The Kyoto Protocol (2)
• Kyoto Protocol: the first substantial agreement to set country-specific GHG
emissions limits and a timetable for their attainment.
• To come into force and be binding on all signatories, the Protocol would
need to be ratified by at least 55 countries, responsible for at least 55% of
1990 CO2 emissions of FCCC ‘Annex 1’ nations.
• The key objective set by the Protocol was to cut combined emissions of
five principal GHGs from industrialised countries by 5% relative to 1990
levels by the period 2008–2012.
• The Protocol did not set any binding commitments on developing
countries.
Subsequent activity
• Since 1997, there have been annual meetings of the parties that signed the
Kyoto Protocol.
• Initially, those meetings were largely concerned with the institutional
structures and mechanisms and ‘rules of the game’ required to implement
the protocol, such as how emissions and reductions are to be measured,
the extent to which CO2 absorbed by sinks will be counted towards Kyoto
targets, and compliance mechanisms.
• The twin conditions required for the Protocol to become operational were
met in early 2005. While the Kyoto Protocol came into force at that time, it
did so without the participation of the USA, thereby significantly
weakening its potential impact.
• The first phase of the Kyoto Protocol will end in 2012.

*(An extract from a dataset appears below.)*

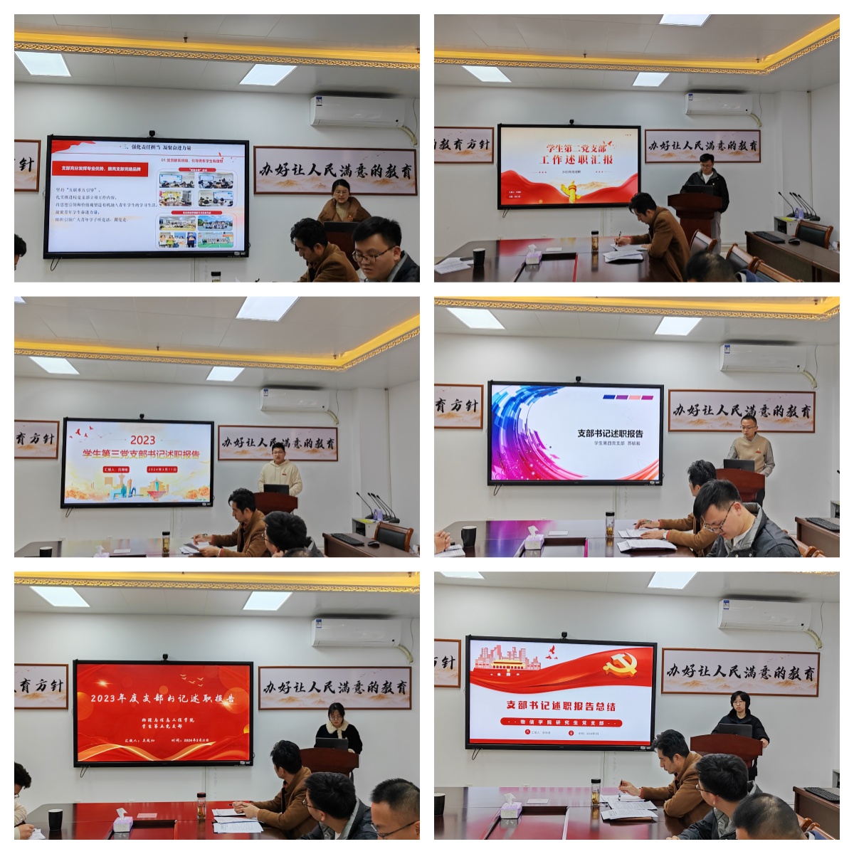 会上,学院11名党支部书记结合支部的实际情况,从党建责任履行、支部建设成效、党建工作推进、查摆解决问题、未来发展规划等方面进行了现场述职汇报。汇报内容包含对过去一年支部工作的梳理总结,对存在问题的深度剖析,并提出整改举措以及下一阶段工作的发展规划与展望。

• Recent meetings of the parties have been concerned with making
preparations for its second phase.
The Kyoto Protocol’s flexibility mechanisms
•
These generate incentives for control to take place in sources that have the lowest
abatement costs, and so create the potential for greatly reducing the total cost of
attaining any given overall policy target.
– Emissions Trading: Allows emissions trading among Annex 1 countries;
countries in which emissions are below their allowed targets may sell ‘credits’

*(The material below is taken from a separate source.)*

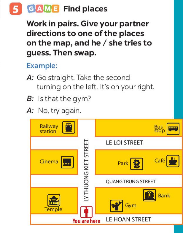 Work in pairs. Give your partner directions to one of the places on the map, and he/she tries to guess. Then swap.
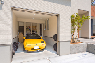 ▲インナーガレージは、奥のドアからリビングを通り抜けて洗面室に直接出入りできるよう設計

to other nations, which can add these to their allowed targets.
– Banking Emissions targets do not have to be met every year, only on average
over the period 2008–2012. Moreover, emissions reductions above Kyoto
targets attained in the years 2008–2012 can be banked for credit in the
following control period.
– Joint Implementation (JI) allows for bilateral bargains among Annex 1
countries, whereby one country can obtain ‘Emissions Reduction Units’ for
undertaking in another country projects that reduce net emissions, provided
that the reduction is additional to what would have taken place anyway.
– Clean Development Mechanism (CDM): By funding projects that reduce
emissions in developing countries, Annex 1 countries can gain emissions
credits to offset against their abatement obligations. Effectively, the CDM
generalises the JI provision to a global basis. The CDM applies to sequestration
schemes (such as forestry programmes) as well as emissions reductions.